The family is well-known and beloved in their pockets of Chicago. Ofelia’s teacher, Valerie Wadycki, described her as a girl who donated nutrition shakes she didn’t like to a food pantry rather than throwing them away.
Earlier this year, Ofelia did a research project for Wadycki about the cost of health care that spread her story further.
Impressed by Ofelia’s interest in the subject, Wadycki introduced her to her friend, state Rep. Laura Faver Dias from Grayslake, who had an hourlong discussion with the teenager.
“She is smart, funny, inquisitive, engaging. We just talked about state health care policy. We talked about her fears, our shared fears about what happens to Medicaid for her and her family as she is navigating cancer,” Dias recalled in an interview. “The hoops her mom has had to jump through to make sure they get the best care possible because they’re on Medicaid.”
Dias introduced Torres to the family’s state representative, Will Guzzardi, who was inspired by the girl’s sharp mind.
“This family is going through so much. They’re so strong,” Guzzardi said. “Ophelia is so brave.”
Ald. Matt Martin, 47th, whose ward includes the high school, noted cancer patients need an ironclad support network.
“As a father, I find it nearly impossible to put into words how horrific this situation is,” Martin said. “At a time when Ofelia and her family need their father the most, ICE has torn their family apart.”

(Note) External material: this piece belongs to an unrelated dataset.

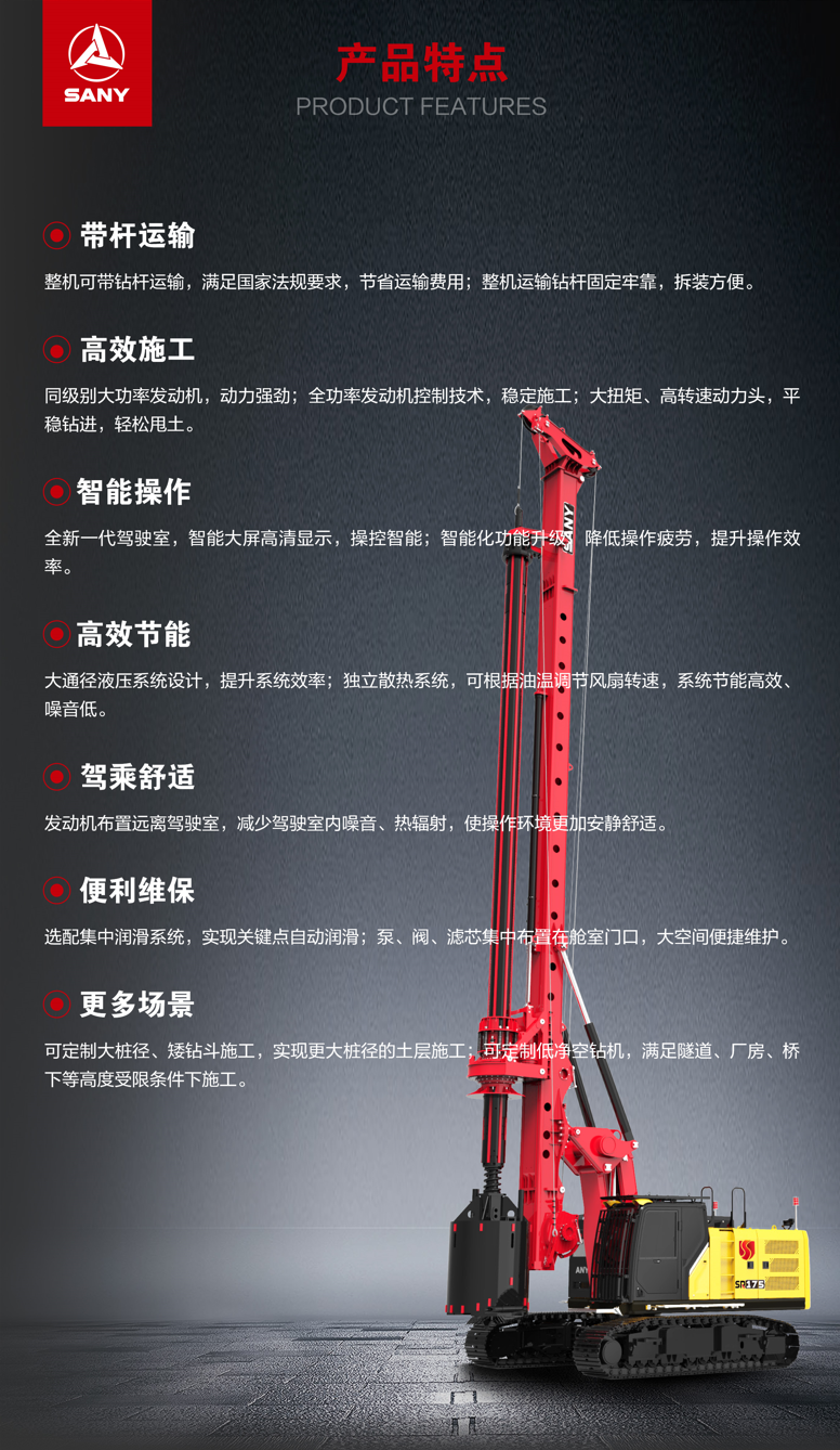 SR175-S适用(yong)于(yu)工(gong)民(mín)建(jian)、市(shi)政、電(dian)网電(dian)力(li)桩等(deng)領(ling)域(yu),可(kě)实現(xian)浅孔大(da)桩、低矮钻進(jin)等(deng)特殊工(gong)况,在(zai)土层、砂(sha)层等(deng)地質(zhi) 施工(gong)高(gao)效,运转靈(ling)活。

Over the weekend, Ofelia took to work fighting for her father. She made a video that has since been published on a GoFundMe page by her teacher about the situation.
“I find it so unfair that hardworking immigrant families are being targeted because they were not born here,” Ofelia said in the recording.
Speaking to the world, Ofelia said she was making the video “to spread awareness and remind the public that immigrants are humans with families and deserve to be treated with love and respect like anyone else.”